(Beginning of Data)

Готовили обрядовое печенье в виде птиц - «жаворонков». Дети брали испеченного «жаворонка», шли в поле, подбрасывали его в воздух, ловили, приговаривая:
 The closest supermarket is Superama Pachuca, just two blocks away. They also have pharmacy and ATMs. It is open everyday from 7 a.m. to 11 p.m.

(End of Data)
(Beginning of Data)

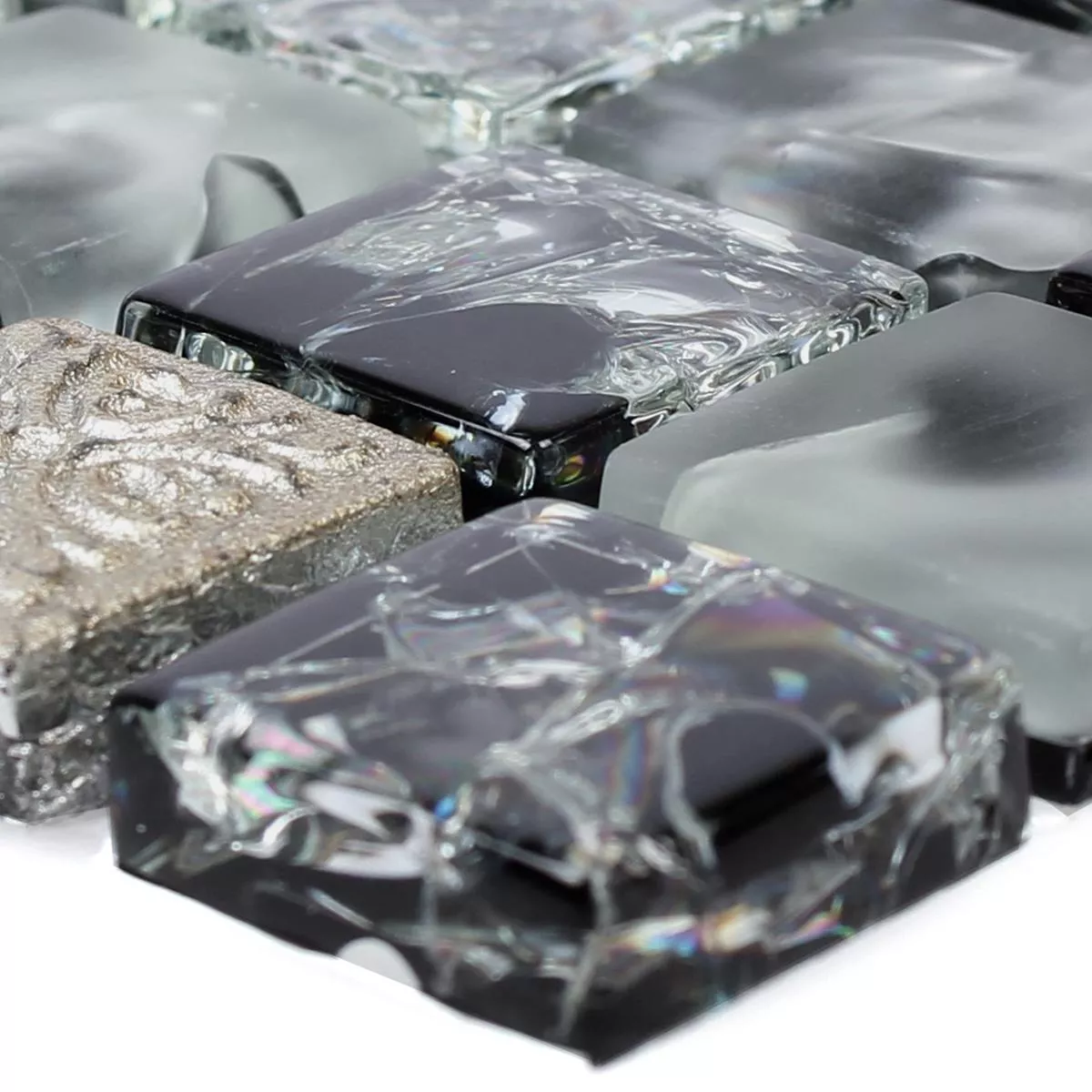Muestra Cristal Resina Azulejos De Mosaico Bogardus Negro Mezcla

(End of Data)

=== Activity ===
In your answer, include only the lines above starting at the line that holds "Готовили обрядовое печенье" and ending at the line that holds "The closest supermarket", copied exactly.

=== Task result ===
Готовили обрядовое печенье в виде птиц - «жаворонков». Дети брали испеченного «жаворонка», шли в поле, подбрасывали его в воздух, ловили, приговаривая:
 The closest supermarket is Superama Pachuca, just two blocks away. They also have pharmacy and ATMs. It is open everyday from 7 a.m. to 11 p.m.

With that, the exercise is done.